Voelter ist die Fortentwicklung einer bahnbrechenden Erfindung zu danken, nämlich die Herstellung von Papier aus Holz. Seine einst herrschaftliche Villa hat seit den sechziger Jahren dieses Jahrhunderts bereits viel von ihrem Glanz verloren. Sie trägt heute den Namen ¸¸Villa Taubenschlag'' und dient als Jugendhaus der Stadt Heidenheim. Die Villa soll weichen, damit ein Investor das Grundstück, das den Namen des Archäologen Kurt Bittel trägt, kaufen und bebauen kann. Damit soll der nördlichen Fußgängerzone der Stadt ein städtebaulicher Akzent verliehen werden.

¸¸Ohne Abriß der Villa war einfach kein Investor zu finden'', berichtet Wolfgang Heinecker, der Sprecher der Stadt. In der Mitteilung des Regierungspräsidums ist von ¸¸hochrangigen städtebaulichen Gesichtspunkten'' die Rede. Das Bittelsche Grundstück gehöre zu den wertvollsten Flächen in der Kernstadt. Deshalb entschied das Regierungspräsidium, daß das Erhaltungsinteresse an dem Kulturdenkmal nicht höher als das Interesse der Stadt an einer Neubebauung des gesamten Areals zu werten sei.

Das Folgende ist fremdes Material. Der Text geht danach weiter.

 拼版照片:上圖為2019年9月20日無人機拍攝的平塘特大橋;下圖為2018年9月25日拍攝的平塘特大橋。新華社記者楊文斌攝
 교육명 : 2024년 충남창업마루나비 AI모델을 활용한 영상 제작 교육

Letzthin geht es auch darum, mehr zahlendes Publikum in den nördlichen Teil der Stadt zu bringen. Der Bestand eines bereits existierenden Kaufhauses wäre sonst gefährdet, erklärt Heinecker. Von den Jugendlichen seien keine Proteste zu erwarten. Sie hätten bereits Alternativen erarbeitet. Ein ehemaliger Lokschuppen, der ebenfalls unter Denkmalschutz steht, soll zum neuen Jugendhaus werden. Um das zu finanzieren, müßte aber die Villa Taubenschlag verkauft werden. Für die Landesgartenschau im Jahr 2006 ist der Rundtausch schon fest eingeplant, der aufgemöbelte Jugend-Lok-Schuppen soll dann zum Eingang für die Blumenschau werden.

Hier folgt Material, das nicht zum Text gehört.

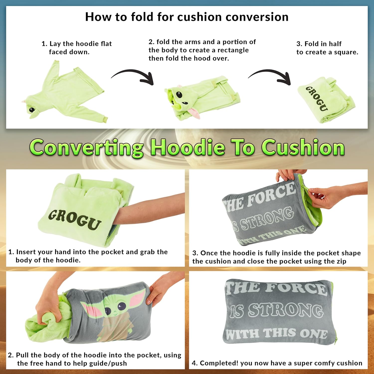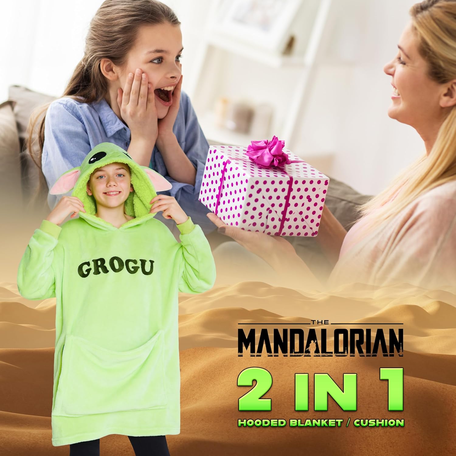 • Die 2-in-1-Funktion dieser Baby Yoda Pullover Decke zum Anziehen Kinder ist unschlagbar praktisch. Wenn die Kinder sie nicht als Decke verwenden, können sie sie einfach in die integrierte Tasche falten und in ein gemütliches Kissen verwandeln. Das
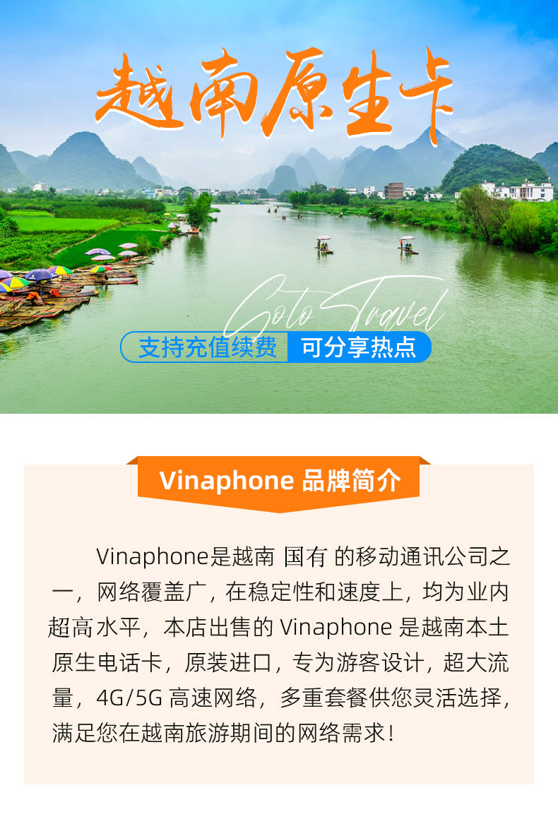 天猫越南电话卡vinaphone5G/4G手机流量高速上网卡全境通用芽庄胡志明

Urspünglich wollte die Stadt Heidenheim die ihr gehörende Villa Voelter, die nach Paragraph 2 des Denkmalschutzgesetzes aus ¸¸wissenschaftlichen, künstlerischen und heimatgeschichtlichen Gründen'' als Kulturdenkmal eingestuft wurde, durchaus erhalten. Gedacht war daran, das Gemeindehaus der benachbarten katholischen Kirche St.Maria in der ehemaligen Industriellen-Villa unterzubringen. Zur Finanzierung hätte die Kirche ein ihr gehörendes Hotel verkaufen müssen, den Ottilienhof, berichtet Heinecker. Da sich kein Käufer fand, wurde der Ottilienhof zum katholischen Gemeindehaus.

Noch nicht entschieden sei, welcher Investor auf dem Gelände zum Zuge kommt. Heidenheims Oberbürgermeister Helmut Himmelsbach ist überzeugt davon, daß sich durch den Abriß der Villa eine neue städtebauliche Chance bietet. ¸¸Dabei setzte sich der ehemalige Finanzbürgermeister von Bietigheim-Bissingen durchaus für den Erhalt von denkmalgeschützten Bauten ein'', betont sein Sprecher.